Miss Letty thought it best to adhere as closely as possible to the third man’s tale. She avowed unblushingly that the highwayman who had fought the duel was of medium height, had brown hair, and was nothing out of the ordinary in appearance. When asked if he was not, as the coachman said, a man of polished address, she seemed uncertain. She would hardly say he had polish, but she admitted he had something of the air of a gentleman. Yes, he had kissed her hand, certainly, but to her mind that was little better than an insult considering he had previously nicked her pearls from her. ‘Whoever it was,’ she announced, ‘he rescued me from a monster, and I am very grateful to him.’
Faced with the question of abduction, the questioners shook dubious heads. That was a criminal offence, but murder on the King’s Highway –.
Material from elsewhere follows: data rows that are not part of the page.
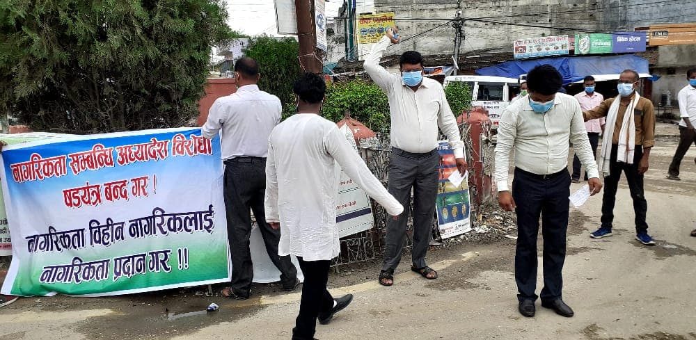 जेठ १२, रौतहट । नागरिकता विहीनहरुले जनताले नागरिकता पाउने भएपछि स्थानीयले नागरिकता अध्यादेशको समर्थनमा रौतहट, बारासहित मधेशका विभिन्न जिल्लामा प्रदर्शन गरेका छन् । सरकारले नागरिकता समस्या समाधान गर्ने उद्देश्यले सरकारको सिफारिसमा राष्ट्रपति विद्यादेवी भण्डारीद्वारा जारी नेपाल नागरिकता अध्यादेशबारे नेकपा एमालेबाट निष्कासित नेता भीम रावल, जनमोर्चा अध्यक्ष चित्रबहादुर केसी, नेपाल कम्युनिष्ट पार्टीका महासचिव नेत्रविक्रम चन्द, नेमकिपा अध्यक्ष नारायणमान बिजुक्छेले विवादित एवम् भ्रामक वक्तव्यबाजी गरेपछि स्थानीय आक्रोशित बनेका हुन् ।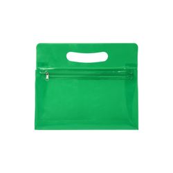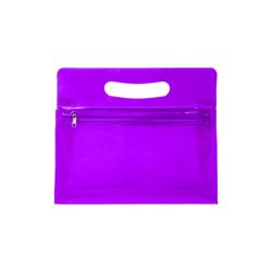 This colorful vanity bag is made of PVC material, lightweight and durable. It is suitable for makeup, travel amenities, or things needed on the go. It also features a zipper closure to keep all items inside and a die cut handle for easy carrying. It is perfect for women's expos, travel-related events and industries. Complies with Prop 65 and CPSIA.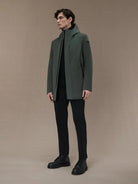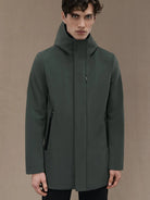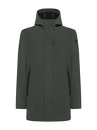 Chiusura con patta chiusa da bottoni a pressione invisibili nasconde la chiusura a zip integrale a doppio cursore, che sale a chiudere il colletto e il cappuccio fisso avvolgente.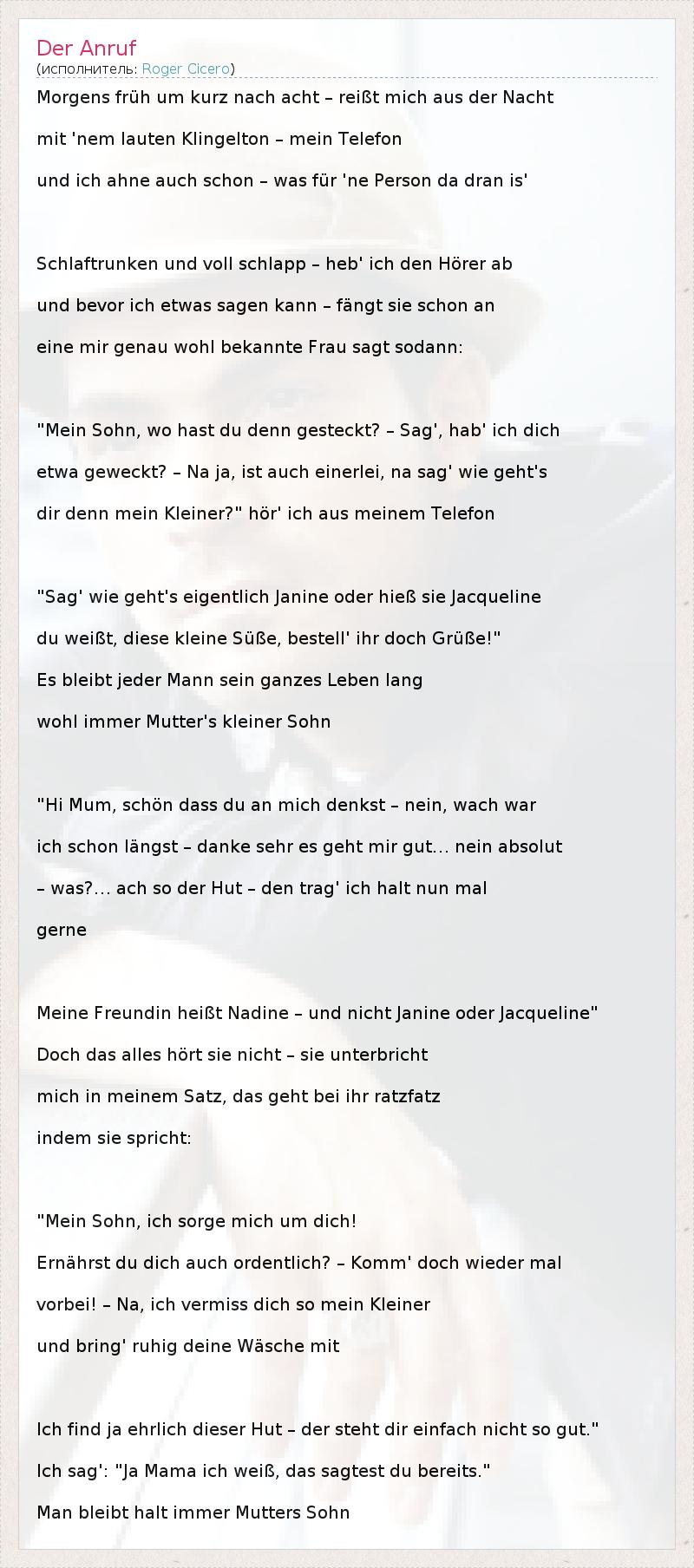 А как ты думаешь, о чем песня "Der Anruf" ?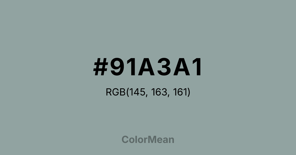 #91A3A1 RGB value is (145, 163, 161). The hex color red value is 145, green is 163, and blue is 161. Its HSL format shows a hue of 173°, saturation of 9 percent, and lightness of 60 percent. The CMYK process values are 11 percent, 0 percent, 1 percent, 36 percent.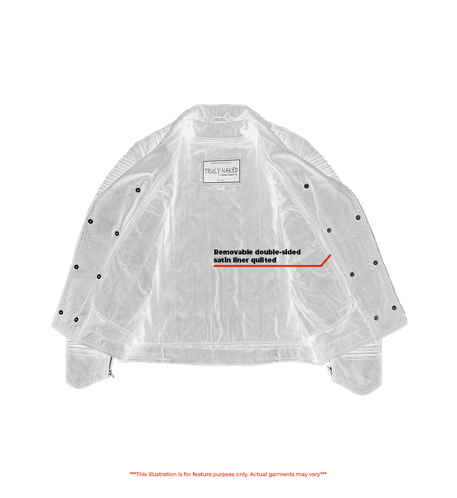 Removable double-sided satin liner quilted for added versatility and warmth.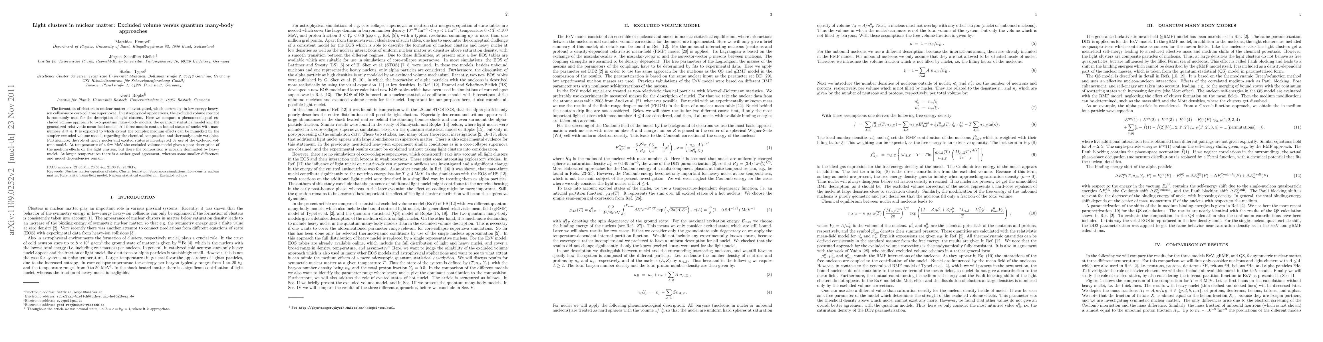 The formation of clusters in nuclear matter is investigated, which occurs e.g. in low energy heavy ion collisions or core-collapse supernovae. In astrophysical applications, the excluded volume concept is commonly used for the description of light clusters. Here we compare a phenomenological excluded volume approach to two quantum many-body models, the quantum statistical model and the generalized relativistic mean field model. All three models contain bound states of nuclei with mass number A <= 4. It is explored to which extent the complex medium effects can be mimicked by the simpler excluded volume model, regarding the chemical composition and thermodynamic variables. Furthermore, the role of heavy nuclei and excited states is investigated by use of the excluded volume model. At temperatures of a few MeV the excluded volume model gives a poor description of the medium effects on the light clusters, but there the composition is actually dominated by heavy nuclei. At larger temperatures there is a rather good agreement, whereas some smaller differences and model dependencies remain.
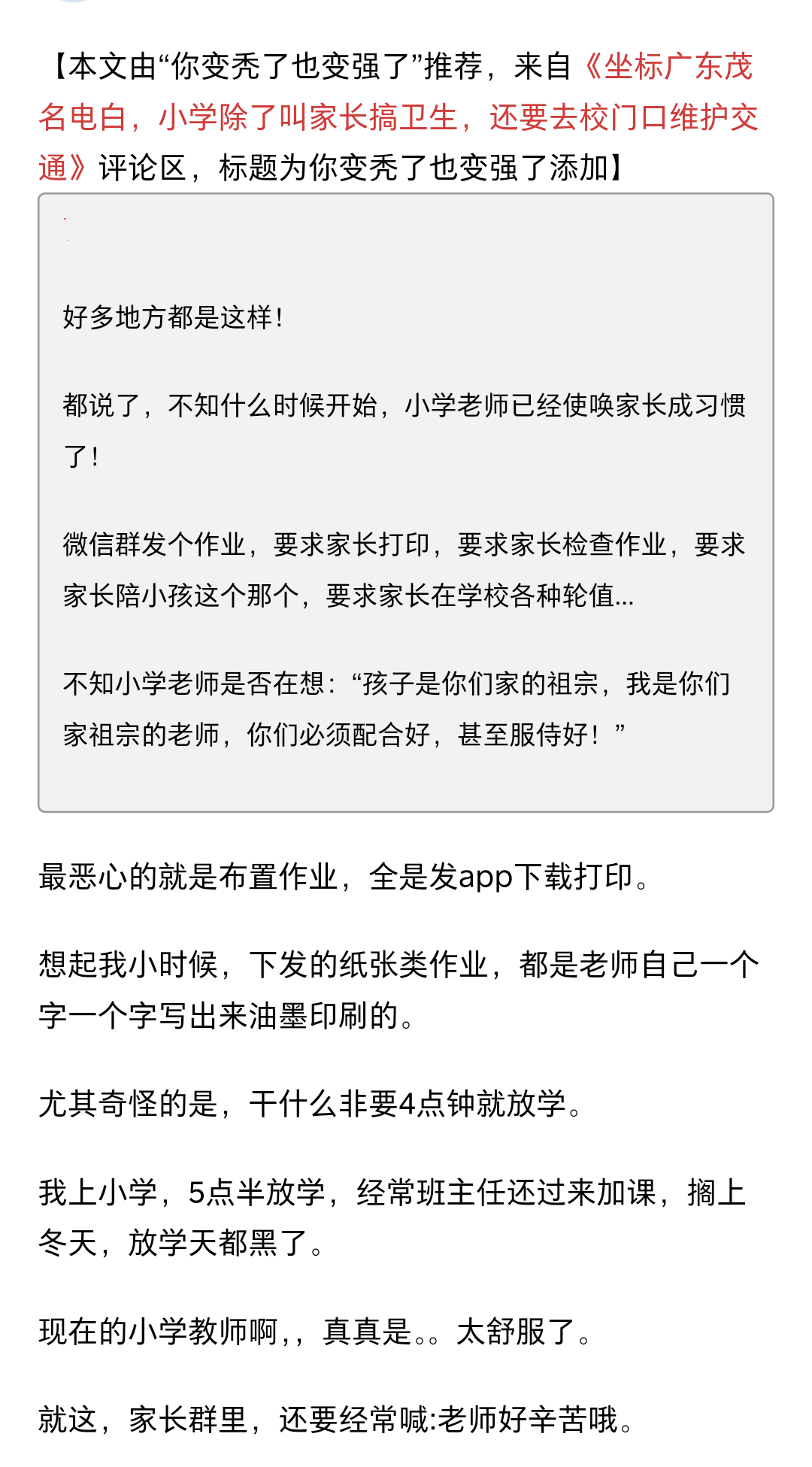 回家依然會有很多學生工作,要知道很多班主任自己也有孩子。都是家長還是互相體諒吧。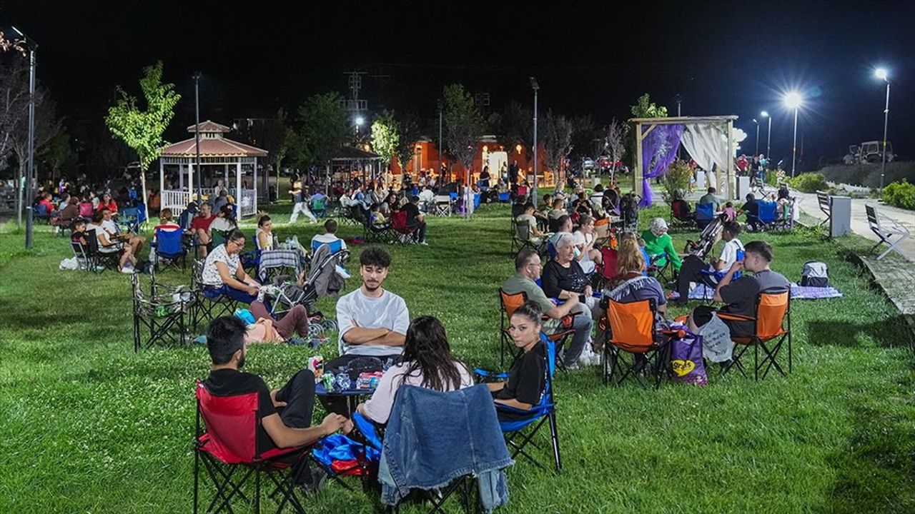Kamp sandalyeleri ve kilimlerle bahçeye gelen vatandaşlar, çardaklarda ve bahçe içinde oturarak gökyüzünde kayan yıldızları takip etti.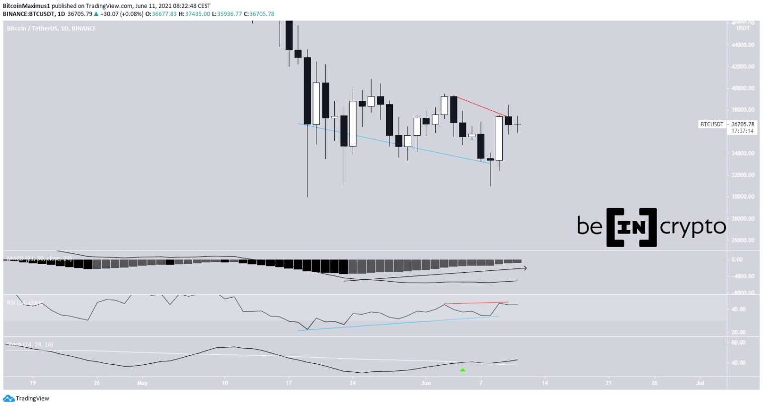 O Bitcoin está em alta desde terça-feira (8), após atingir a mínima de US$ 31.000. A moeda criou um engolfo de alta na quarta-feira (9) e atingiu um topo de US$ 38.491 no dia seguinte.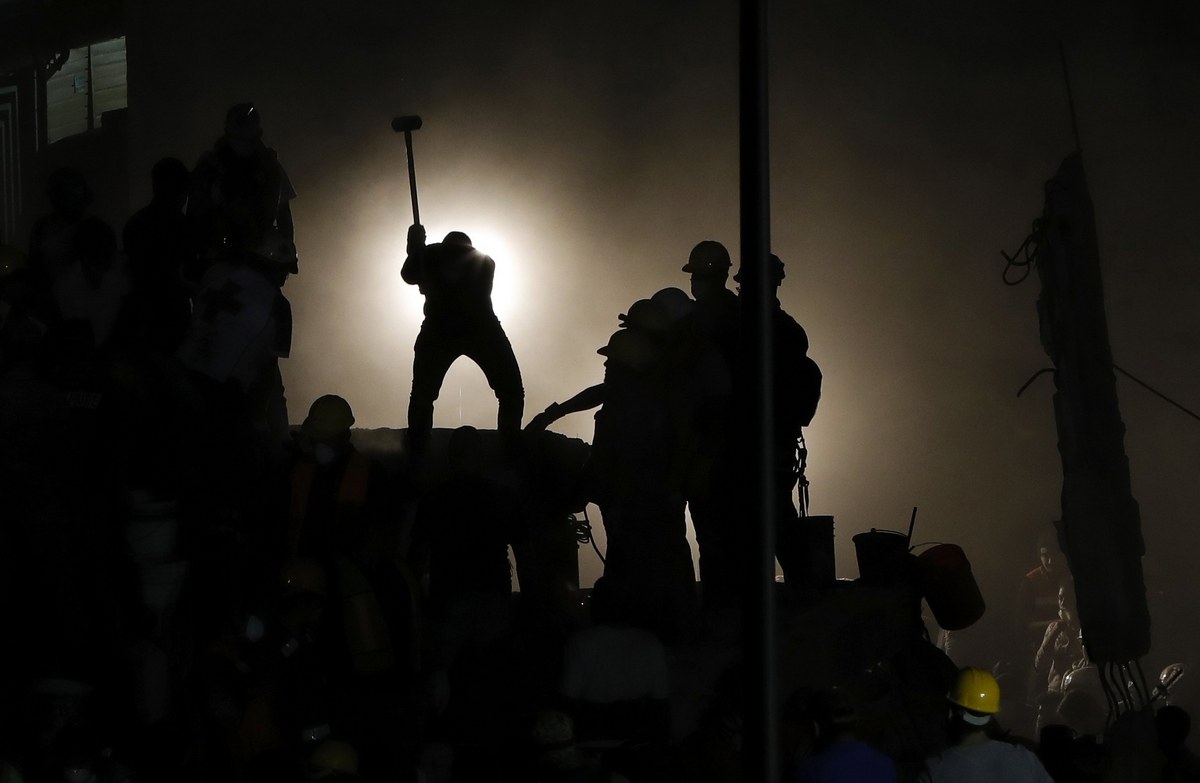 epaselect epa06215404 Rescue Services search for victims under the debris of a building that collapsed after a 7.1 magnitude, in Mexico City, Mexico, on 19 September 2017 (issued on 20 September 2017). At least 224 people died in the states of Morelos, Puebla and Mexico following a powerful earthquake that struck central Mexico, Secretary of the Interior in the cabinet Miguel Angel Osorio confirmed. Emergency services are searching for survivors buried under the rubble of collapsed buildings. EPA/Jose Mendez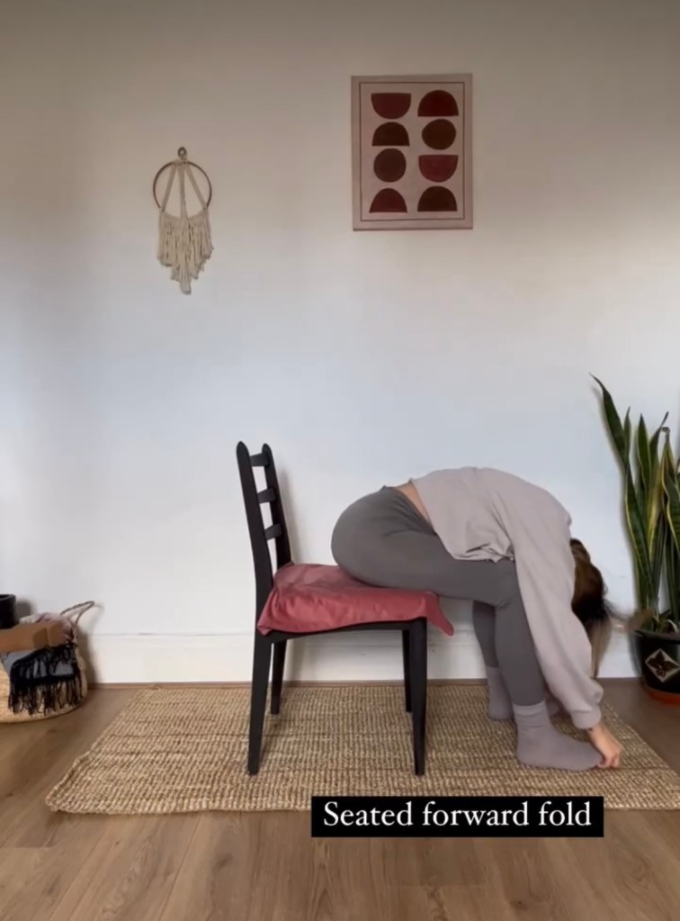 Sit on the edge of your chair with your feet hip-width apart. Inhale deeply, lengthening your spine, and as you exhale, hinge at your hips, reaching your hands towards the floor or your shins. Hold this forward fold for 30 seconds, allowing the stretch to gently release tension in your lower back and hamstrings.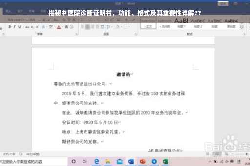 在现代医疗体系中,诊断证明书扮演着极为重要的角色,特别是在中医领域,它不仅记录着患者的健康状况和医生的专业判断,还是患者获取进一步治疗或休息的关键依据,本文将全面解析中医院诊断证明书的功能、格式、重要性,并为您提供使用建议。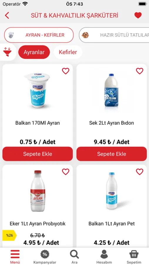 Binlerce ürün tek bir uygulama ile cebinizde. Meyve sebze gibi taze ürünler, et, şarküteri ürünleri, unlu mamüller, temizlik, kişisel bakım ürünleri, atıştırmalıklar ve içecekler gibi onlarca kategoride binlerce ürün parmaklarınızın ucunda. Bir marketten alabileceğiniz ne varsa hepsi tek bir uygulamada. Kanun gereği online siparişlerde tütün mamülleri ve alkol satışı yapılamamaktadır.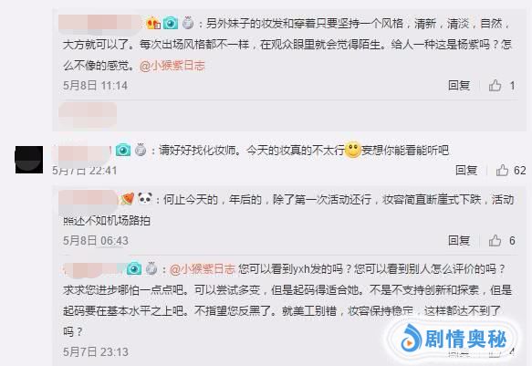 粉丝指责工作室没有用心在杨紫的妆发造型上,大家恨铁不成钢的急切,称每次出风格都不一样,在观众眼中就会觉得陌生,期待工作室能坚持一个风格,清新,自然,大方就好。更有粉丝表示心累,不指望您反黑了,就美工别错,妆容保持稳定,这样都达不到了吗?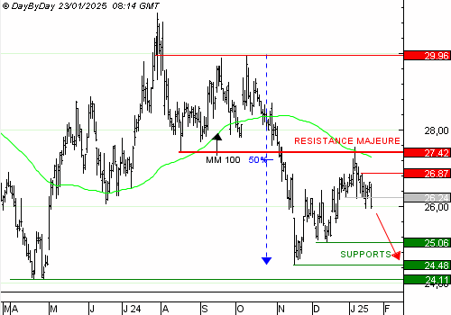 Le reliquat sera conservé afin de viser les supports suivants à 25,06, voire 24,48 USD.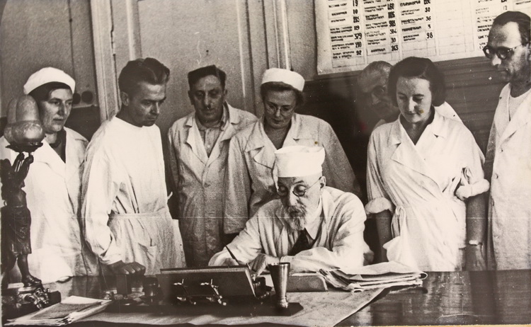 Діяльність В. Філатова як лікаря-офтальмолога і очільника медичних закладів ілюструють фотографії медика серед своїх колег, аспірантів та пацієнтів, яким він допомагав відновити зір. На одному з групових знімків зображено професорку Н. Пучківську.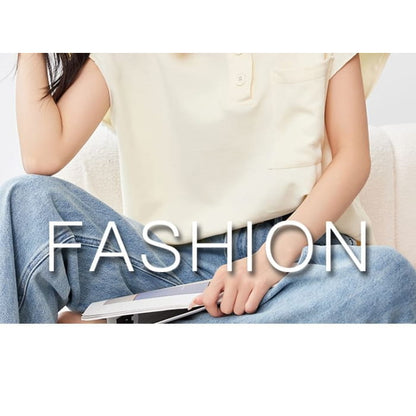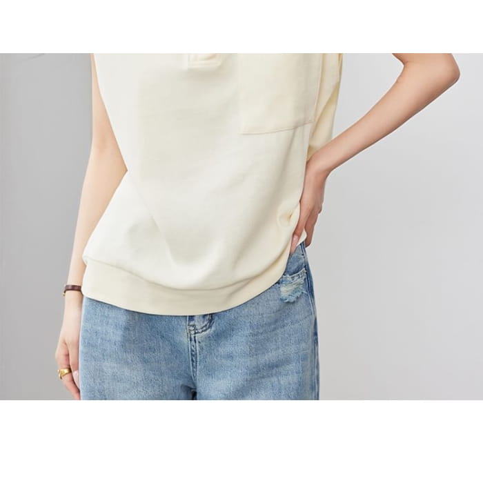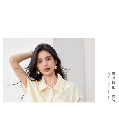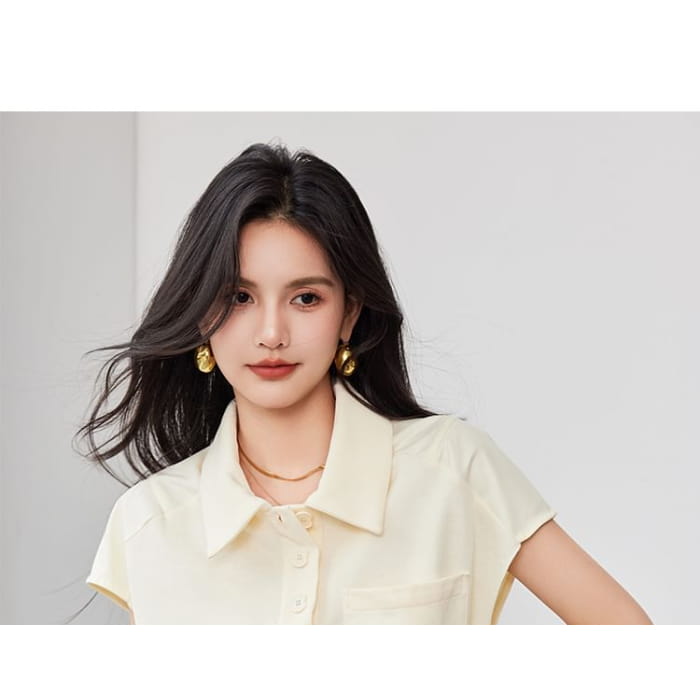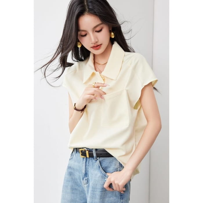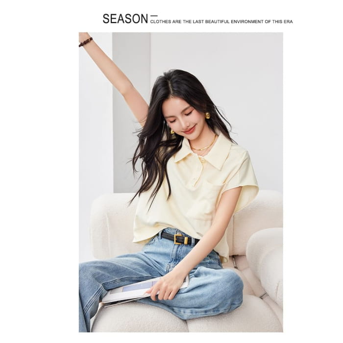 Kurzärmliges, einfarbiges, lockeres Poloshirt mit Tasche
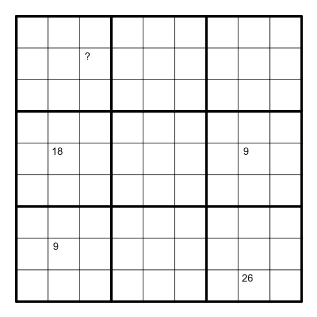 -(clues) A number in the upper left corner of a cell indicates the size of the (maximal) orthogonally connected region within one group of cells the clued cell belongs to, "?" can mean any (single) digit.

Miss Letty broke in hotly with a flat disclaimer. She turned to the coachman and demanded whether it was not a fair duel. Perceiving that his late master was in danger of being convicted – if you could convict a dead man, of which ticklish point he was not certain – of abduction, the coachman bestowed some of his support on the other side. Decidedly it had been a fair fight, so far as he was able to judge.
The affair was, in fact, a strange mystery, but the officers of the Law hoped to unravel it.
Sir Humphrey shook his head gravely when he found himself alone with his daughter, and said only that they were not likely to hear the end of this for many a long day.